Vice chancellor of Baze University
- Incumbent
- Assumed office 2023
- Preceded by: Tahir Mamman

Personal details
- Born: Nnewi, Anambra State

= Kathleen Okafor =

Nigerian professor and VC of Baze University

Kathleen Ebelechukwu Okafor is a Nigerian professor of property and commercial law and the acting Vice Chancellor of Baze University.

==Early life and background==
Kathleen obtained Her O'Level exams at Queens School Enugu and got her LL.B degree from the University of Nigeria, Nsukka in 1974. She then proceeded to the Nigerian Law School Lagos campus and was called to bar in 1979. She was elevated to the rank of Senior Advocate of Nigeria in September 2022 by the Nigerian Bar.

She got her LL.M degree from the University College London in 1981 and her PhD from the University of Lagos in 2000.

==Career==
Kathleen Okafor practised briefly in the Lateef Adegbite & Co Chambers.
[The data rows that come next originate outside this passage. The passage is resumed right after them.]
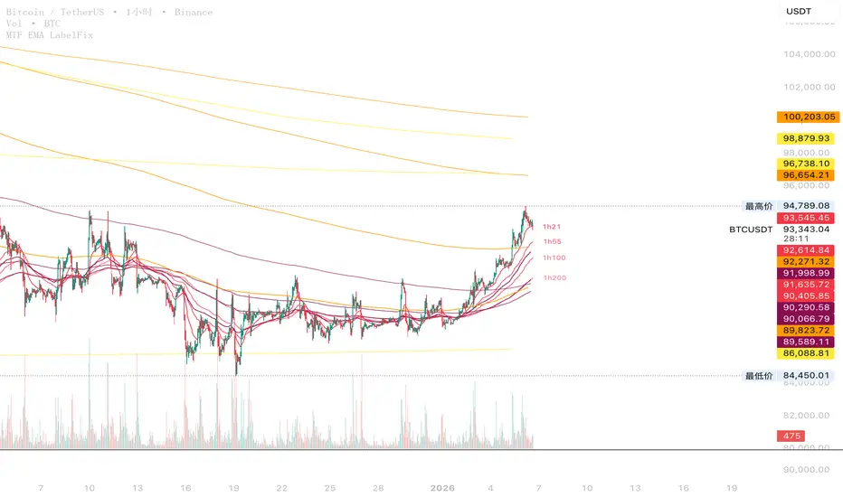 这是一个多时间级别EMA嵌套的显示方式。在一小时窗口下,可以看到当下K线的上下是否有关键均线的阻力,以便做出有效判断,免去了切换不同时间窗口和多重报警的反复切换。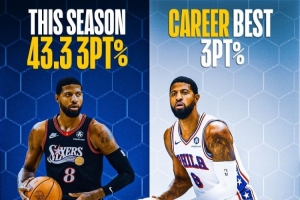 本賽季,喬治三分命中率43.3%,場均出手6次三分,可以命中2.6記。喬治生涯三分命中率38.4%。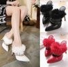 Fashion Rabbit Fur Tassel Stiletto Heel Point Toe Slipper Pumps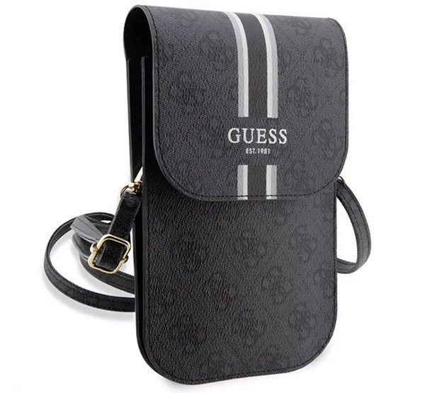 GUESS PU QUILTED 4G METAL LOGO kézitáska álló (univerzális, bőr hatású, vállpánt) FEKETE

She was also a second counsel with Shell Petroleum from there proceeded to work as Legal Adviser and Company Secretary for the Nigerian Security Printing and Minting Plc.

As part of her leadership duties, she was the Dean, Faculty of Law Baze University and Chairperson Faculty of Law welfare committee.

She was appointed by the governing council of Baze University as the Acting Vice Chancellor in August 2023 following the appointment of the former Vice Chancellor, Prof. Tahir Mamman as Education Minister by the president Bola Ahmed Tinubu government.